Records drawn from a dataset
↓↓↓
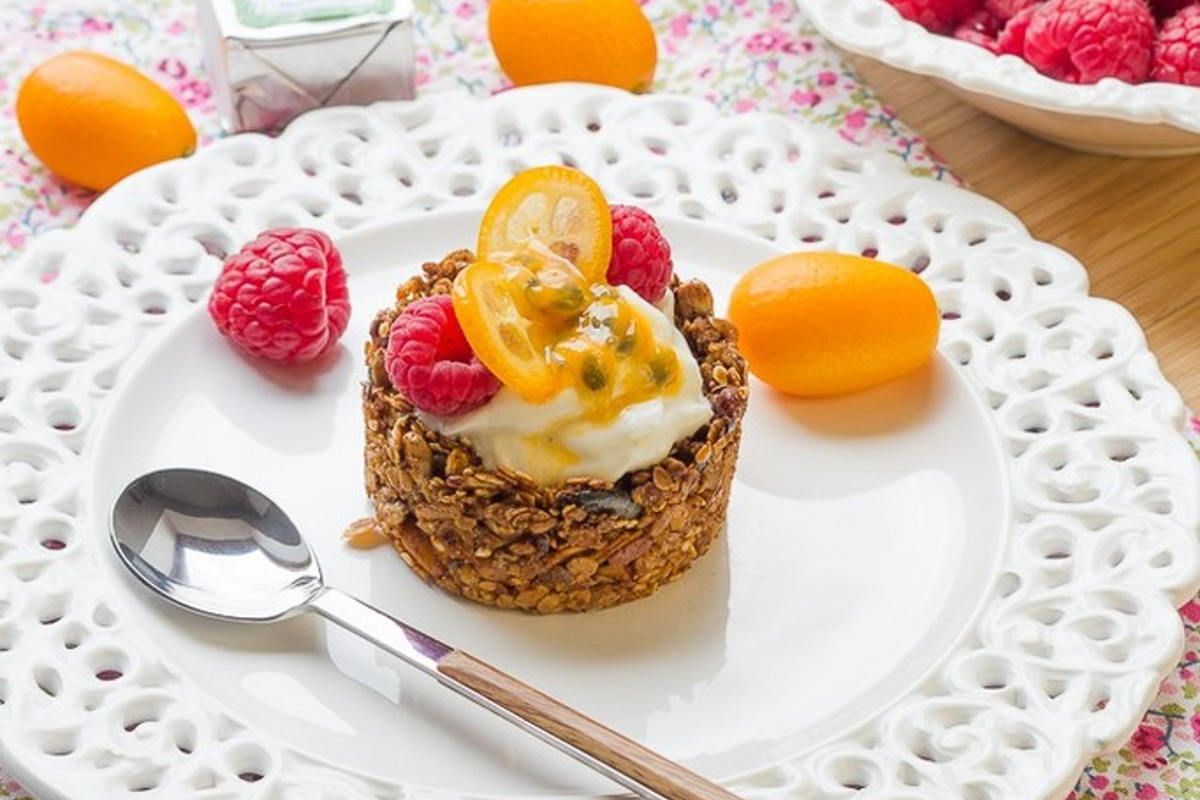 - Préchauffer le four à 160°C. Graisser une plaque à muffin et remplir chaque cavité avec le mélange de granola, en formant des coupelles.
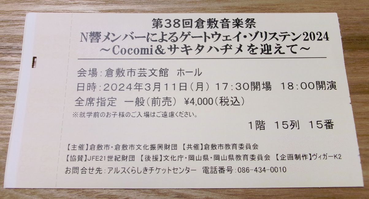 ここみちゅわ~ん♪5月1日5(こ)こみちゅ1(わん)の日お誕生日おめ!大切に取ってある去年の3月にここみちゃんのコンサートに行った時のチケット。木村と言えば木っしょ!つぎちゃんはキッショ!チケットの下に写っている木っぽいのは国道2号線沿いのニトリで買った木のおぼん(トレー)でごじゃーwニトリの隣りにマクドナルドがありますwそれでは今日の日記はここまで。つぎの日記でお会いするでごじゃる。にんにん♪
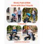 Trójkołowy rowerek VEVOR dla dzieci w wieku od 1 do 5 lat, rowerek biegowy z pałąkiem, składaną budką, regulowanym siedziskiem i koszykiem na zakupy, trójkołowy rowerek dziecięcy na prezent dla chłopców i dziewczynek, niebiesko-czarny
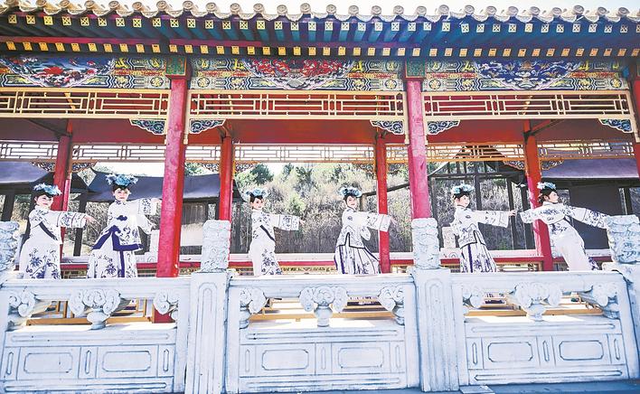 身着传统服饰的小朋友在石家庄市正定荣国府影视基地游览拍照。
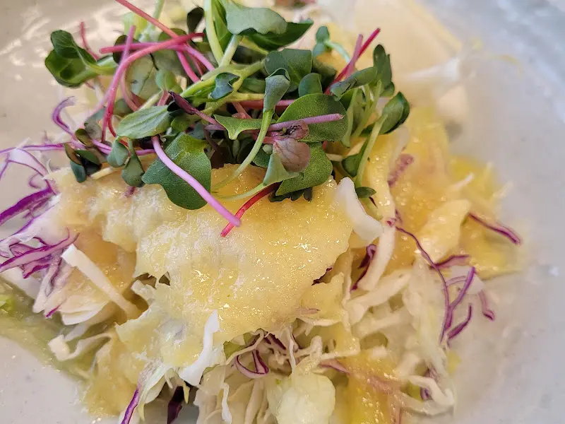 가장 먼저 샐러드에 눈길이 갔다. 신선한 채소 위에 상큼한 드레싱이 뿌려져 있었는데, 입안 가득 퍼지는 싱그러움이 식욕을 돋우었다. 샐러드에 사용된 채소는 모두 청양에서 직접 재배한 것이라고 했다. 역시, 로컬푸드는 신선함이 남다르다는 것을 다시 한번 느낄 수 있었다.
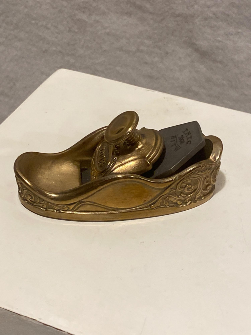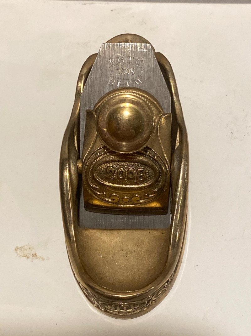 Crafted by Chris Larrman in 2008, this slipper block plane is a boutique toolmaking gem from the Pacific Northwest Tool Club. Measuring just 3 inches in length, it’s compact yet rich in character—perfect for precision work or display. Whether you're a woodworker, tool historian, or collector of fine instruments, this slipper block plane is a standout addition to any curated collection.
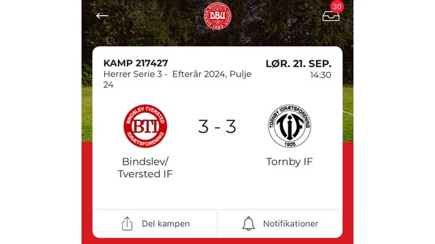 Tornby IF måtte nøjes med uafgjort efter en stærk indsats mod Bindslev/Tversted IF. Trods en flot præstation i store dele af kampen, kostede sidste minutters fejl Tornby IF sejren.
↑↑↑
What the task requires: To answer, repeat exactly the lines from the line containing "Crafted by Chris" through the last line of the data above, leaving out all pictures.

Output of the exercise:
 Crafted by Chris Larrman in 2008, this slipper block plane is a boutique toolmaking gem from the Pacific Northwest Tool Club. Measuring just 3 inches in length, it’s compact yet rich in character—perfect for precision work or display. Whether you're a woodworker, tool historian, or collector of fine instruments, this slipper block plane is a standout addition to any curated collection.
 Tornby IF måtte nøjes med uafgjort efter en stærk indsats mod Bindslev/Tversted IF. Trods en flot præstation i store dele af kampen, kostede sidste minutters fejl Tornby IF sejren.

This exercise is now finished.